**Dataset excerpts:**
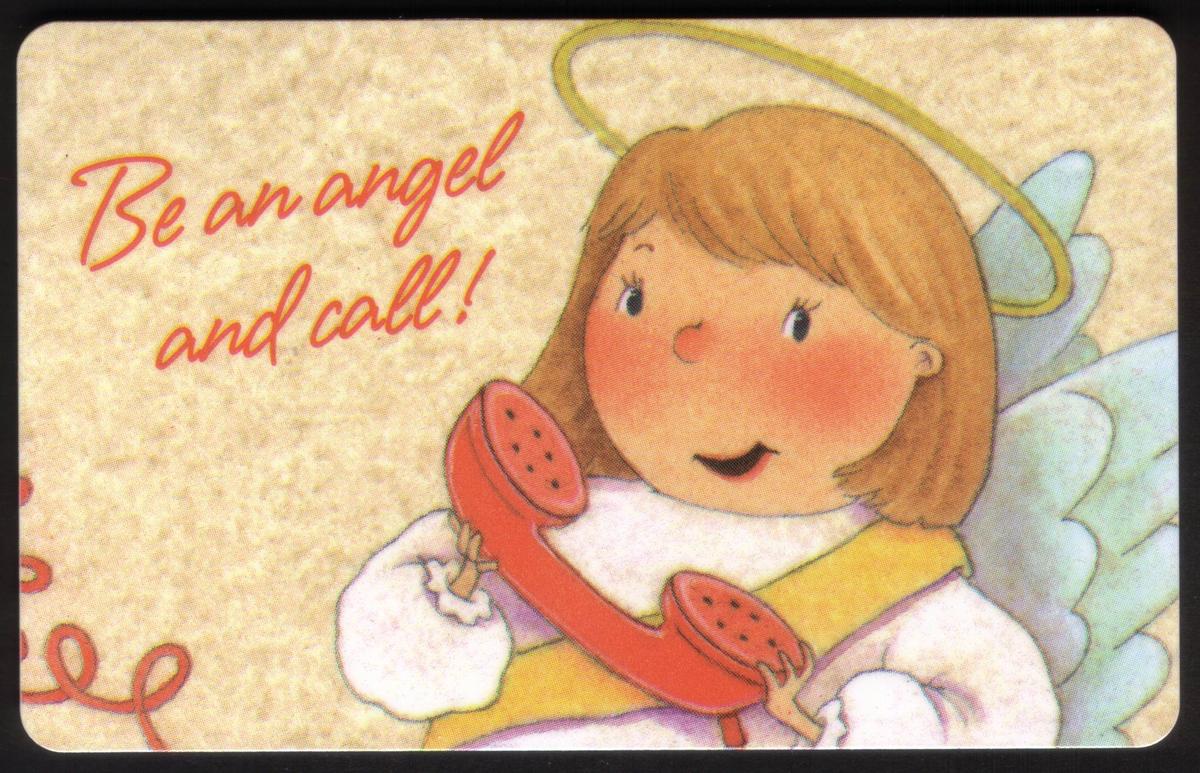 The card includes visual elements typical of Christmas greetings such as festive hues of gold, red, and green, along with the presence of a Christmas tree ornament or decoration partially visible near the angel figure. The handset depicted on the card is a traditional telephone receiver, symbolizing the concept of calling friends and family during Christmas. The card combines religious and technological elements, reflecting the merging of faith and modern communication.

---

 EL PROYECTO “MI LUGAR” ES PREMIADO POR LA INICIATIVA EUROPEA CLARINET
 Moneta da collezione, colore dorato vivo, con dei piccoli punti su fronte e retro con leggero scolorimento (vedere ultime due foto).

**Work required:** In the entries above, find the line holding "INICIATIVA EUROPEA CLARINET" and the line holding "Moneta da collezione, colore"; print both of them and every line between, exactly, and nothing else.

**Final answer:**
 EL PROYECTO “MI LUGAR” ES PREMIADO POR LA INICIATIVA EUROPEA CLARINET
 Moneta da collezione, colore dorato vivo, con dei piccoli punti su fronte e retro con leggero scolorimento (vedere ultime due foto).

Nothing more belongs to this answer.